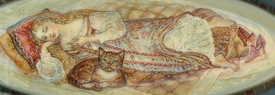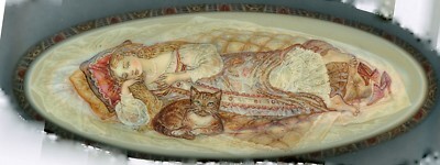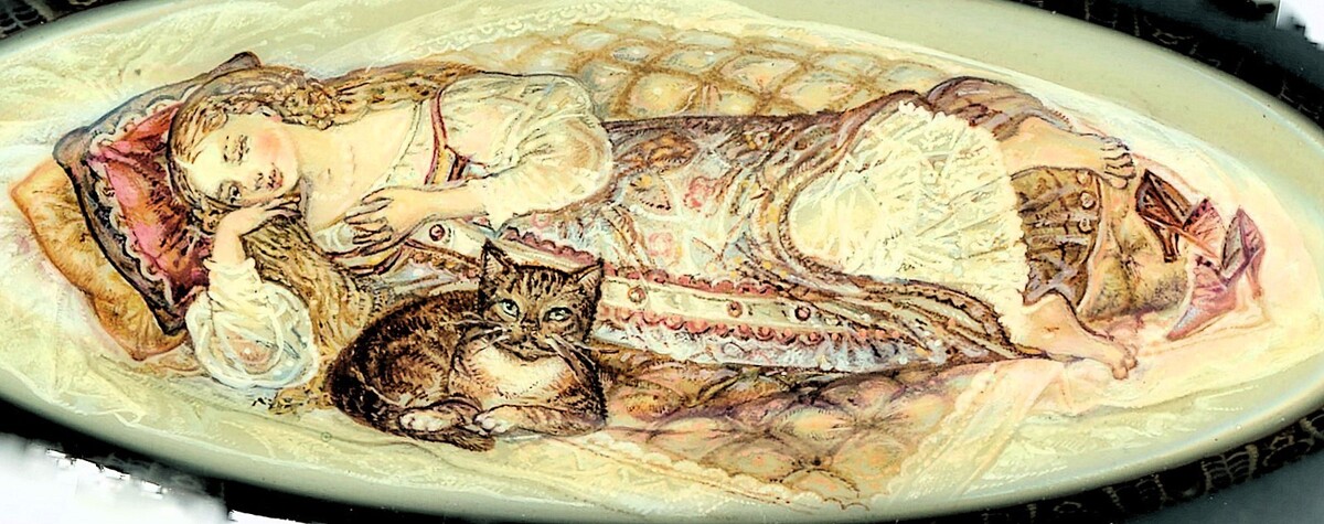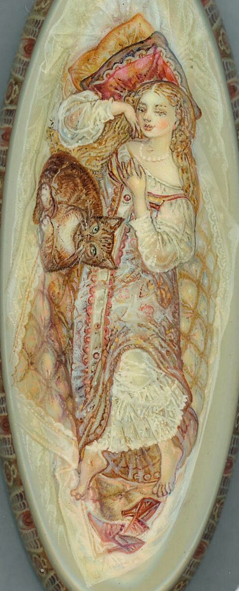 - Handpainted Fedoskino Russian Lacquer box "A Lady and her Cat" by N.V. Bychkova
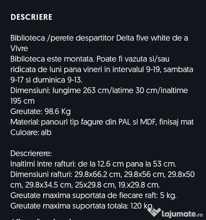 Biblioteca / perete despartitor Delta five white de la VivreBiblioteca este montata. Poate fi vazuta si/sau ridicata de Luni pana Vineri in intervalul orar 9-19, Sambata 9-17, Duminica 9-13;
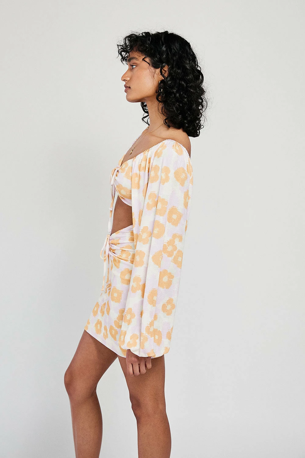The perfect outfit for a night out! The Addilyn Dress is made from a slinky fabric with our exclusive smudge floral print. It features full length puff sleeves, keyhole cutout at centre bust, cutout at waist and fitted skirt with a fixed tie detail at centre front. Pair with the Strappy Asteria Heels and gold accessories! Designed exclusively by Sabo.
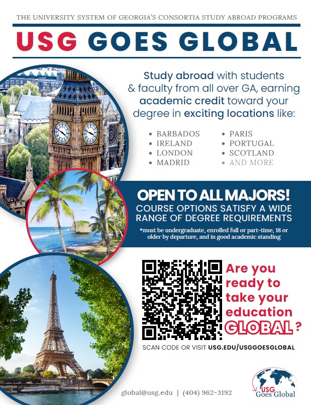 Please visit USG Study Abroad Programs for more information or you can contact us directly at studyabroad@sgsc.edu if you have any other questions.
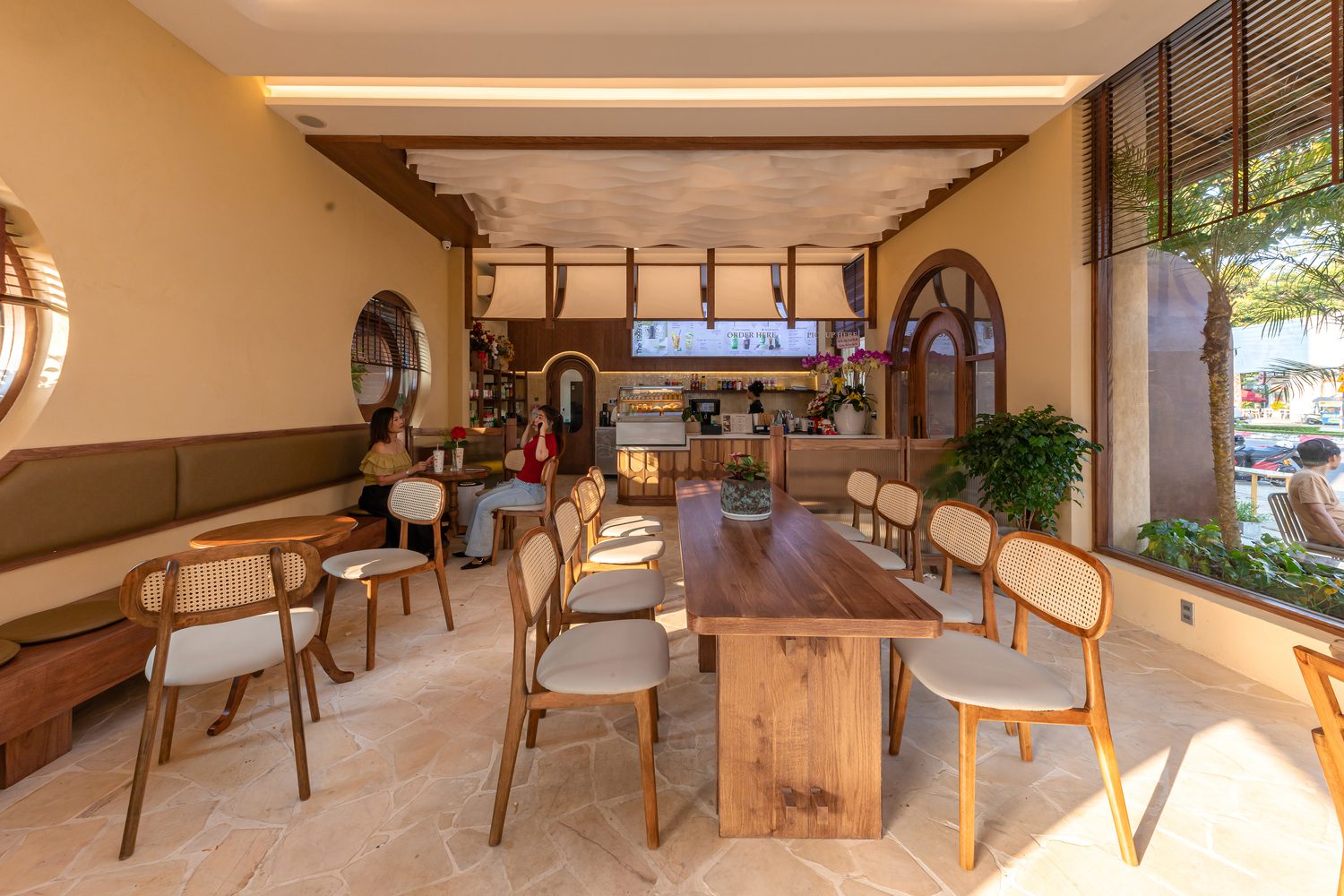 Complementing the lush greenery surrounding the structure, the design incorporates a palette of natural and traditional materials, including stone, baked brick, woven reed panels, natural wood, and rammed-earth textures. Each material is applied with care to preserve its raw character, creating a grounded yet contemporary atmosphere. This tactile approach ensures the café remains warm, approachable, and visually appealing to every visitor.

---

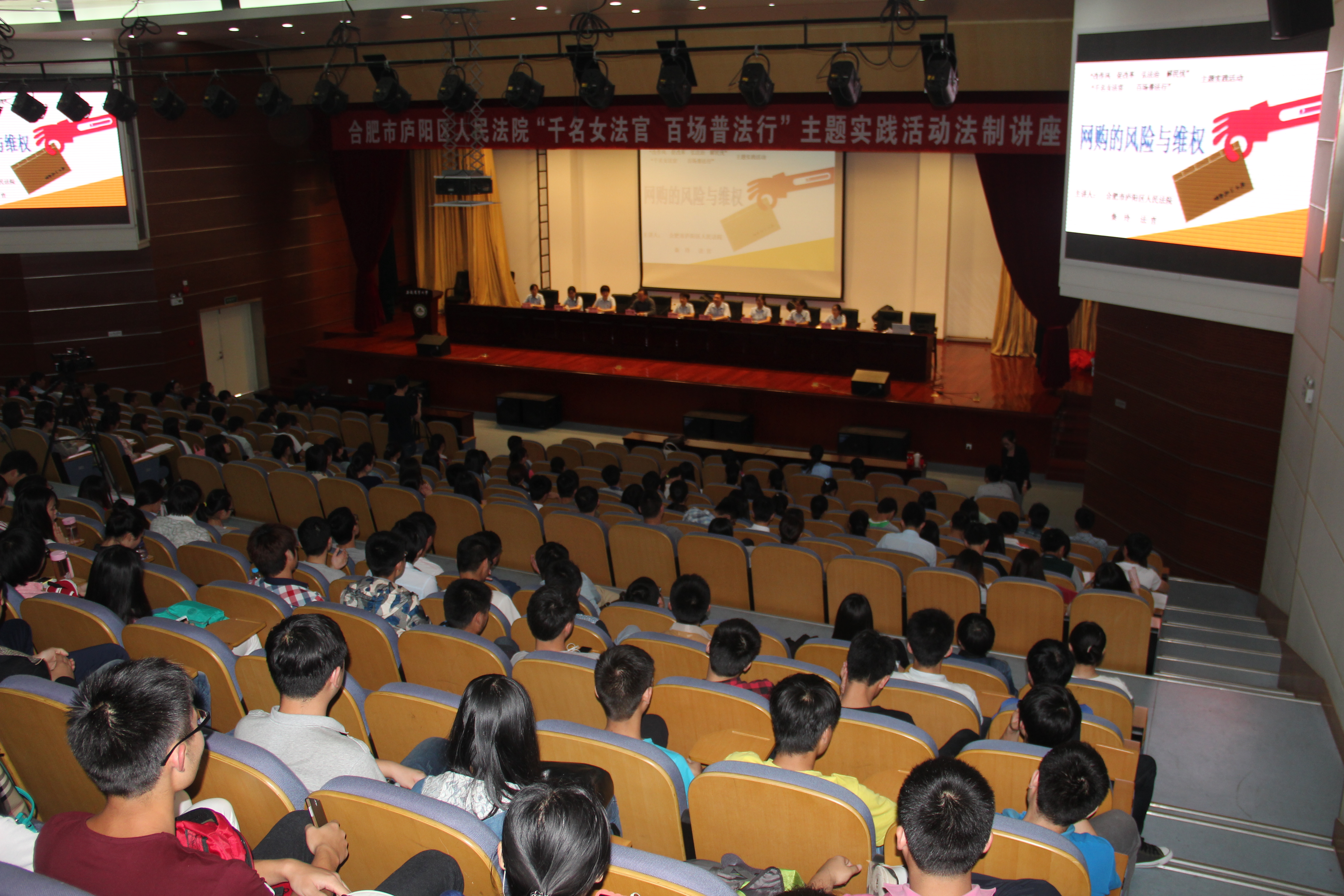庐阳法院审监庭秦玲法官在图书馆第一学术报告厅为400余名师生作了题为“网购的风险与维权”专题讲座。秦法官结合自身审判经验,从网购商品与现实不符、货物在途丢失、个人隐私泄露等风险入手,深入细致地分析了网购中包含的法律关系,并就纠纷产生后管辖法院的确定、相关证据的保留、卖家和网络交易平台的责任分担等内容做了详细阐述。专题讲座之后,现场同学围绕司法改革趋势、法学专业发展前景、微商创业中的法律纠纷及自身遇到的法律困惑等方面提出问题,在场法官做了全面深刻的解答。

* * *

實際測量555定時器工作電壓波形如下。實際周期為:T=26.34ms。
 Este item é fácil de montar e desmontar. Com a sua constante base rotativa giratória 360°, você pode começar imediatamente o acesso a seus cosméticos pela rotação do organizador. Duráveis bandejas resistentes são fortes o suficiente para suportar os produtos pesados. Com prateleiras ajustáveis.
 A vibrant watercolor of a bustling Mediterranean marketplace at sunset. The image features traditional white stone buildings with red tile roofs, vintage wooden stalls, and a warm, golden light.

(Task goal): Exactly the lines starting at the one above with "- Handpainted Fedoskino" and ending at the one with "Complementing the lush" should be printed, and nothing else. Omit the pictures.

(Expected output):
 - Handpainted Fedoskino Russian Lacquer box "A Lady and her Cat" by N.V. Bychkova
 Biblioteca / perete despartitor Delta five white de la VivreBiblioteca este montata. Poate fi vazuta si/sau ridicata de Luni pana Vineri in intervalul orar 9-19, Sambata 9-17, Duminica 9-13;
The perfect outfit for a night out! The Addilyn Dress is made from a slinky fabric with our exclusive smudge floral print. It features full length puff sleeves, keyhole cutout at centre bust, cutout at waist and fitted skirt with a fixed tie detail at centre front. Pair with the Strappy Asteria Heels and gold accessories! Designed exclusively by Sabo.
 Please visit USG Study Abroad Programs for more information or you can contact us directly at studyabroad@sgsc.edu if you have any other questions.
 Complementing the lush greenery surrounding the structure, the design incorporates a palette of natural and traditional materials, including stone, baked brick, woven reed panels, natural wood, and rammed-earth textures. Each material is applied with care to preserve its raw character, creating a grounded yet contemporary atmosphere. This tactile approach ensures the café remains warm, approachable, and visually appealing to every visitor.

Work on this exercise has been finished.